Algeria and Egypt rank among the shortlist of the countries in the world where workers are prevented from exercising their rights while some leaders of various unions are persecuted, the International Trade Union Confederation has said in its rights in the world index 2020.
Both countries feature in Category 5 of the index, which is the worst with regard to lack of the rule of law.
“Most independent trade unions in Algeria and Egypt remained unable to operate because authorities continued to refuse to recognize them, while the governments persecuted some prominent union leaders,” the confederation said.
“At least 27 independent trade unions in Egypt were still seeking to register following their arbitrary dissolution in March 2018,” the report says about Egypt.
“In Algeria, the authorities administratively and without any reason closed the premises of the General Confederation of Algerian Workers (CGTA) on December 3, 2019,” the report says about the situation in Algeria.

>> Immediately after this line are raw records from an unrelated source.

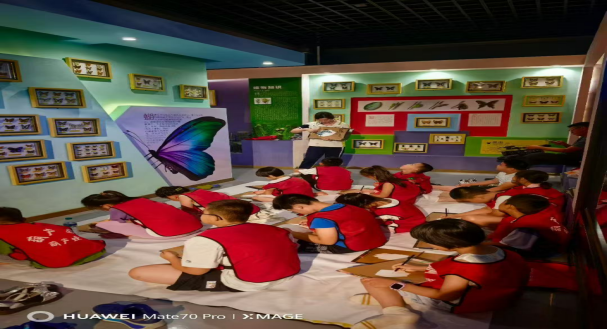 创意绘画课让孩子们与自然之美撞了个满怀。老师先介绍了蝴蝶翅膀的对称结构和色彩奥秘,孩子们拿起画笔,有的临摹自然中真实的蝴蝶品种,有的则发挥想象,创造彩虹翅膀的“魔法蝴蝶”。在勾勒对称轮廓、调配渐变色彩的过程中,他们既感受了艺术创作的快乐,也悄悄记下了关于生物多样性的科学知识。
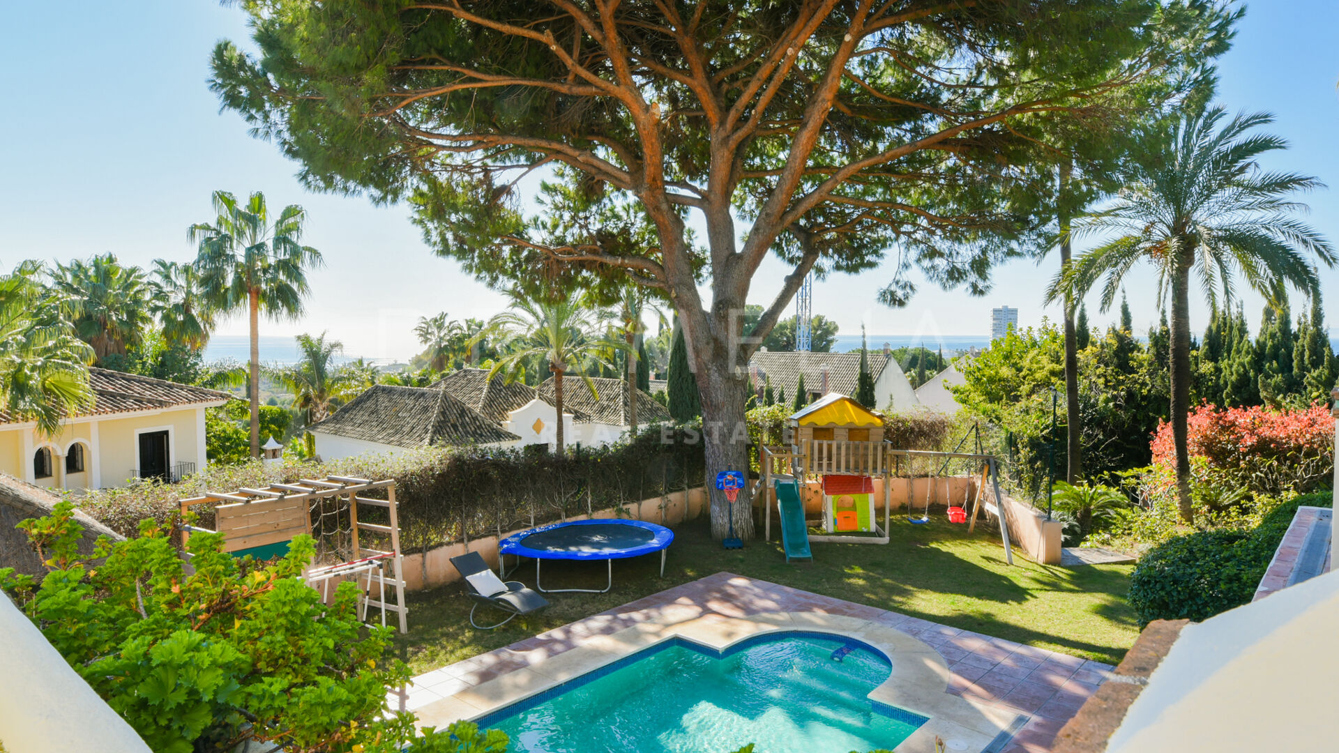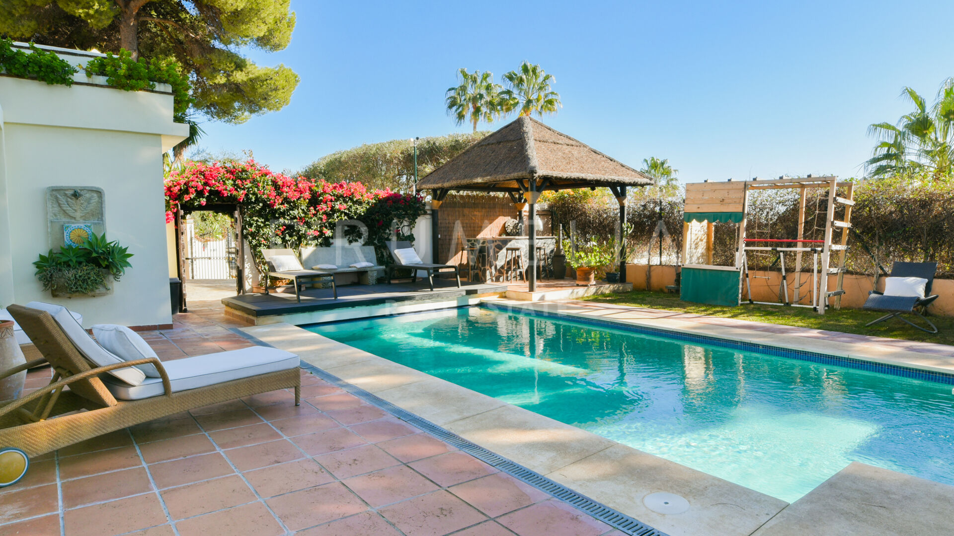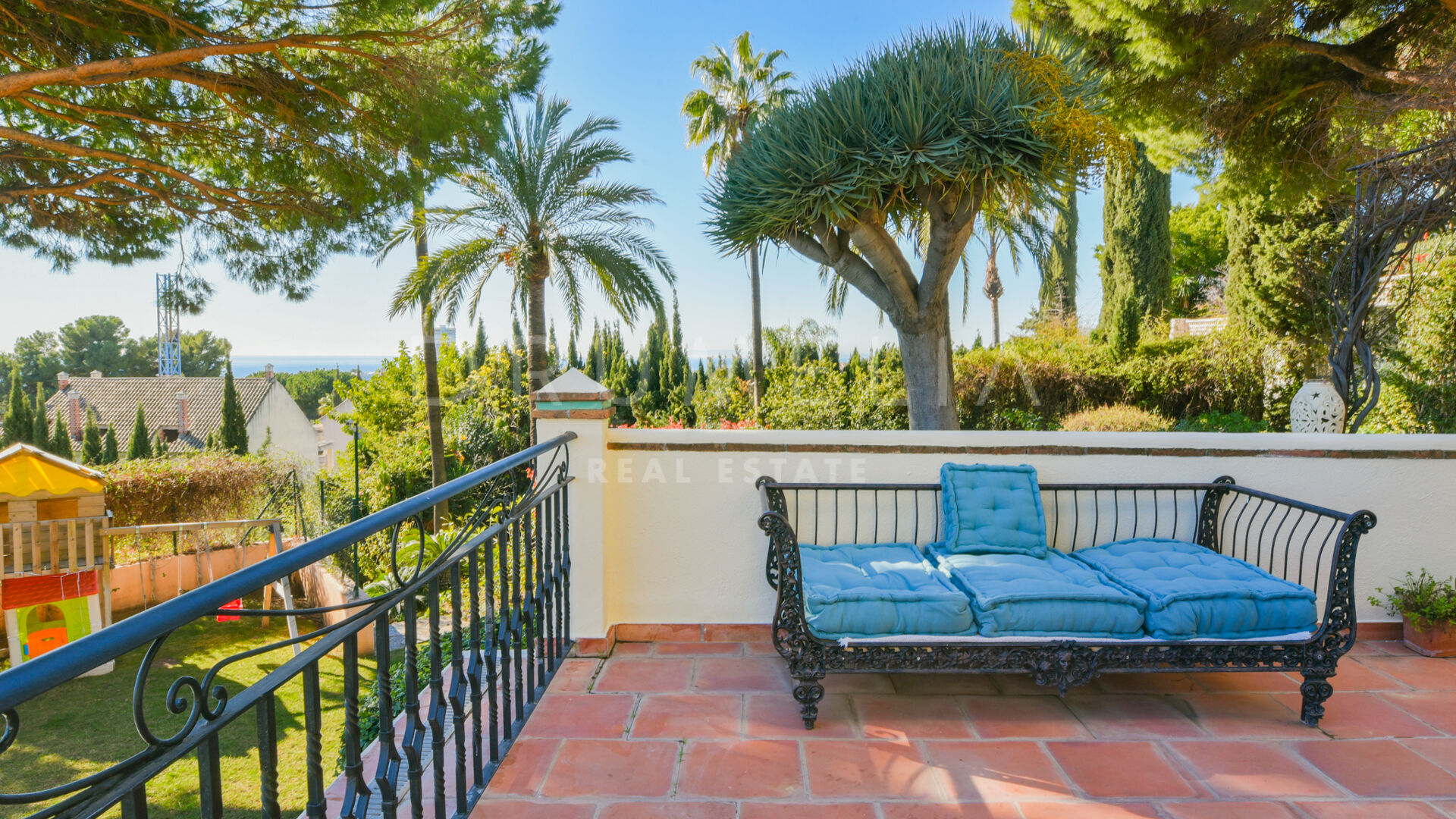 Se pone a la venta esta excepcional casa familiar de 5 dormitorios en la exclusiva zona de Río Real, Marbella, una de las más bellas y prestigiosas de la Costa del Sol, a sólo 5 minutos del centro de la ciudad. Ubicada en una parcela de 1.771 m², la espectacular propiedad de 497 m² disfruta del sol y de preciosas vistas al mar, con África y Gibraltar en el horizonte, y a la montaña.
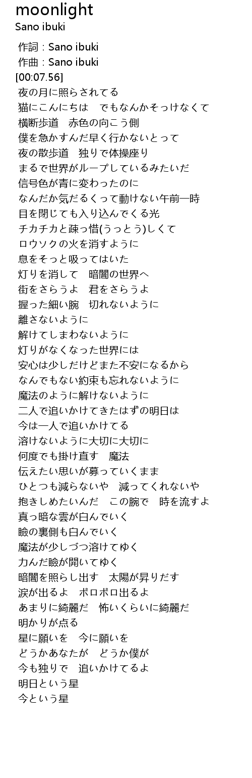 | [01:00.35] | 夜の散歩道 独りで体操座り |

“In addition, on October 24, 2019, Kaddour Chouicha, a member of the CGTA leadership, was briefly detained in Oran for his participation in a peaceful rally to demand the release of political dissidents.”
“On December 9, 2019, he was again arrested on false charges as he went to the police station to retrieve his cell phone, which had been confiscated. The next day, following a summary trial, he was sentenced to one year in prison,” the report notes.

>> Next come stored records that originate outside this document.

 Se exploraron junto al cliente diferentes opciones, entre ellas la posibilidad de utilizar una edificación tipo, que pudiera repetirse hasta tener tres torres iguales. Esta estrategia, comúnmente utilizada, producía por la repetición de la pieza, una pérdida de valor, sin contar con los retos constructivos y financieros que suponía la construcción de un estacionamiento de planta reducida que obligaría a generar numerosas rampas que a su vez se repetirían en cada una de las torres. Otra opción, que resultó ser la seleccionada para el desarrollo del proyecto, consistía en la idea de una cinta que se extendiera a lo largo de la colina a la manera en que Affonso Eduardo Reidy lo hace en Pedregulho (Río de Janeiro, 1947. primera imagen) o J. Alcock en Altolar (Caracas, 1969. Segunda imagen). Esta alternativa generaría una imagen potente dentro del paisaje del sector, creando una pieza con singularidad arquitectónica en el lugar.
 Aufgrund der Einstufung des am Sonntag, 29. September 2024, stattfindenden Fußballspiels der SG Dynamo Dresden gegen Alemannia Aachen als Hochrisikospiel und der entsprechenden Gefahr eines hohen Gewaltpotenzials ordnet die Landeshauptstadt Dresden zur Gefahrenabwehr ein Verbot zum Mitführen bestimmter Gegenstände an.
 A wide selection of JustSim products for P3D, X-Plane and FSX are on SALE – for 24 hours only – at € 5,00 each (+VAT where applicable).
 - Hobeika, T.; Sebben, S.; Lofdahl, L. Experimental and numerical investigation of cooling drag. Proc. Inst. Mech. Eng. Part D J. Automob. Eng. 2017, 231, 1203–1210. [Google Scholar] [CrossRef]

While both countries appear in Category 5, the Middle East and North African region is rated as the worst region in the world for workers. The region scores 4.44 over 5, being the highest violation.
The Category 5+ list of worst countries for workers’ rights includes besides Algeria and Egypt scores of other countries including Burundi, Libya, Palestine, Somalia, South Sudan, Central African Republic (CAR), Syria, Sudan, Yemen as well as Turkey, Brazil, China, Colombia, India and Iran.